Loser and Winner: Marriage Is Dead, But Other Opportunities Exist

If you're in school, and you're considering becoming a divorce attorney or marital counselor, beware: only 21% of Echo Boomers are married! Those may have been the hot professions at one time (especially divorce attorneys), but the future seems dim for them now. Unless those 21% of Echo Boomers line up in divorce court or try to "work things out," the need for divorce law or marital counseling may be history. You could always do the bureaucratic thing and overcomplicate their life in some other way - that is what both of your professions are good at.

Keep in mind that while Echo Boomers are ditching marriage, they seem to favor serial monogamy, which might become its own profitable industry. For instance, Susan Walsh asserted about the hook up culture in our interview:

I see hookup culture sticking around for a long while, but there is some backlash already occurring. ... HPV is causing cancers in both sexes, and there is a strain of gonorrhea in the UK, which is now considered untreatable. Of course, there’s the very real possibility of a new, opportunistic virus, much as we saw with AIDS in the early 80s. A worsening of the outlook in this area could create behavioral changes.

Behavioral changes may create more marriages, but if we see increased STDs or increased protective methods against these diseases, some businesses will need to create these products - whether prescription drugs or advanced protective measures.

And with marriage rates declining, Echo Boomers seem to be putting their money into other places: the fitness industry, the outdoor industry, and the fashion industry. In other words, you still have many other opportunities to have a wide customer base. Keep an eye out for the single Echo Boomers and watch where they spend their money (see Products and Services for Single Female Echo Boomers and Products and Services for Single Male Echo Boomers).

Other winners:

1. Technology - if you're in the engineering profession, prepare to work. Since I've been speaking with engineers at several local colleges, robotics seems to come up the most. There is a growing demand for electrical engineers to perfect the robotics industry.
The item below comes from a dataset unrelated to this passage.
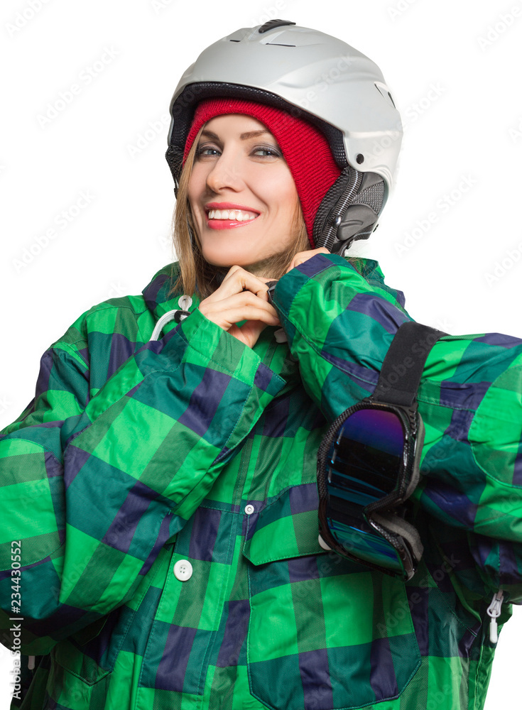 Active young ski woman portrait wearing winter clothing isolated over white
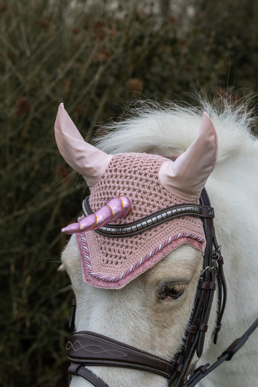 - Bajkowe nauszniki z różowym rogiem jednorożca ozdobionym brokatem, zdecydowanie dodają każdej stylizacji konia wyjątkowego, magicznego charakteru!

2. Medical - Echo Boomers will need more medical care as they age. Keep in mind, the obesity rate the in the United States is growing, and this offers medical opportunities for doctors, nurses and those in the research field. I do not expect Echo Boomers to have longer life expectancies than their parents, so they will need medical earlier than you might expect.
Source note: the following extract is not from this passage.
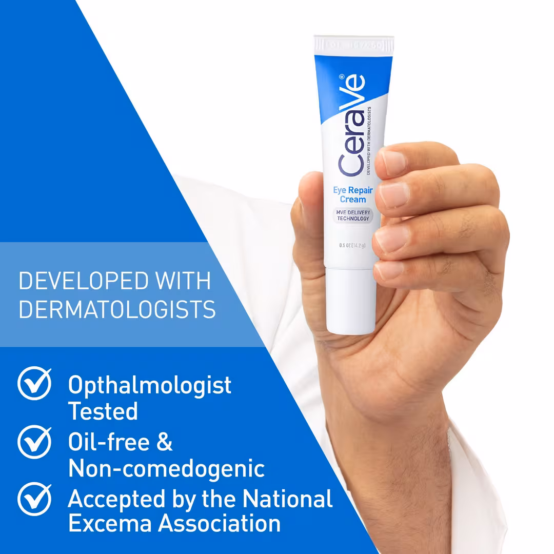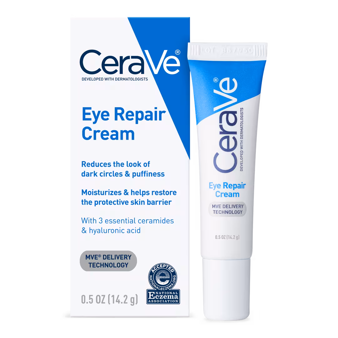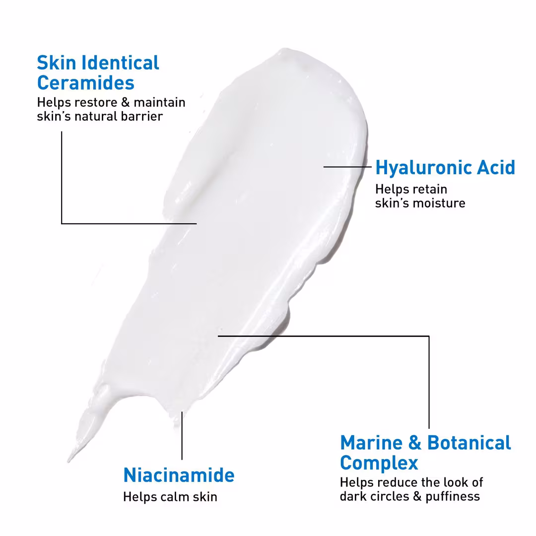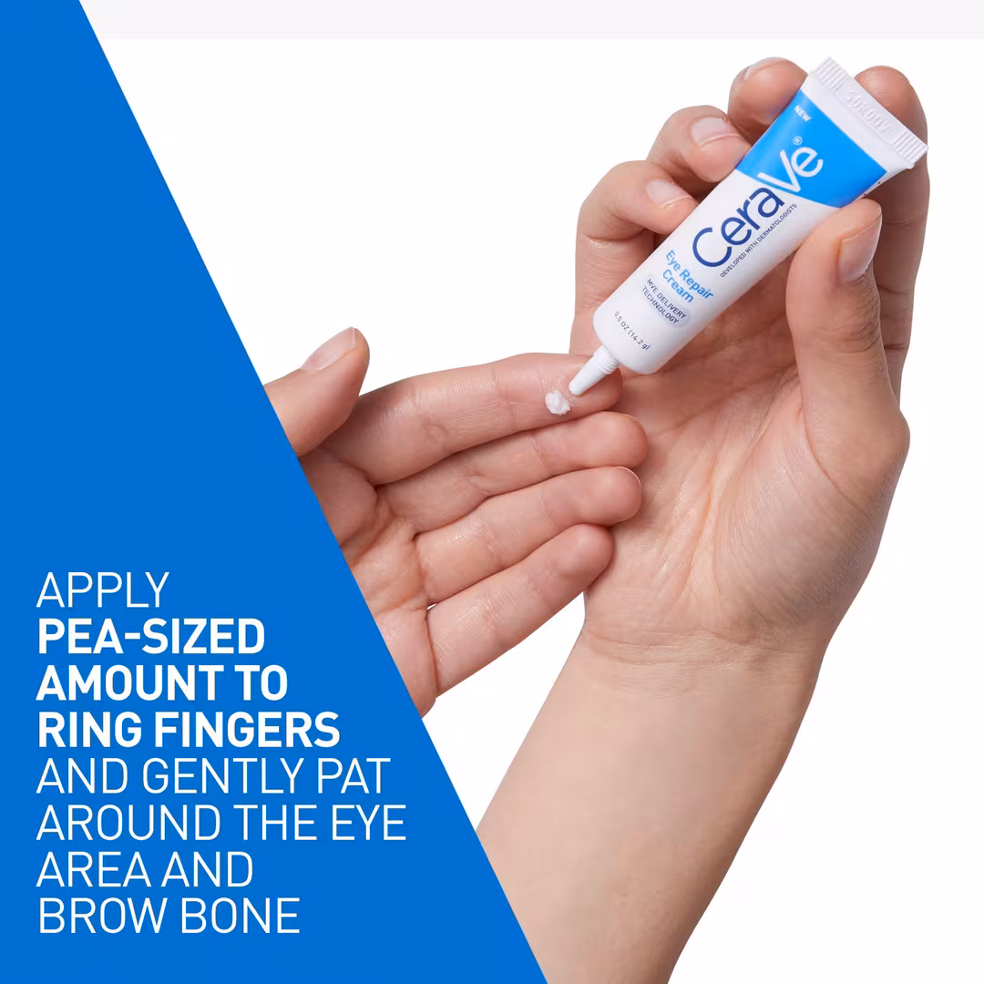 CeraVe Eye Repair Cream is a gentle, dermatologist-developed eye cream designed to hydrate and restore the delicate skin around the eyes. Formulated with three essential ceramides, hyaluronic acid, and niacinamide, this lightweight cream helps strengthen the skin’s natural barrier, smooth the under-eye area, and improve overall comfort.

3. Innovative Science - the world faces major hurdles in the twenty-first century, and this industry will boom if science continues to overcome these hurdles. Innovative Science includes, but is not limited to, stem cell research, fuel cell technology, electric cars and transportation, robotics, and 3D printing.

4. Green Energy Industry - Echo Boomers like environmentally friendly companies, and green energy not only saves money, but builds a sustainable world. Echo Boomers are unlikely to forget $4 gallon per gallon of gas.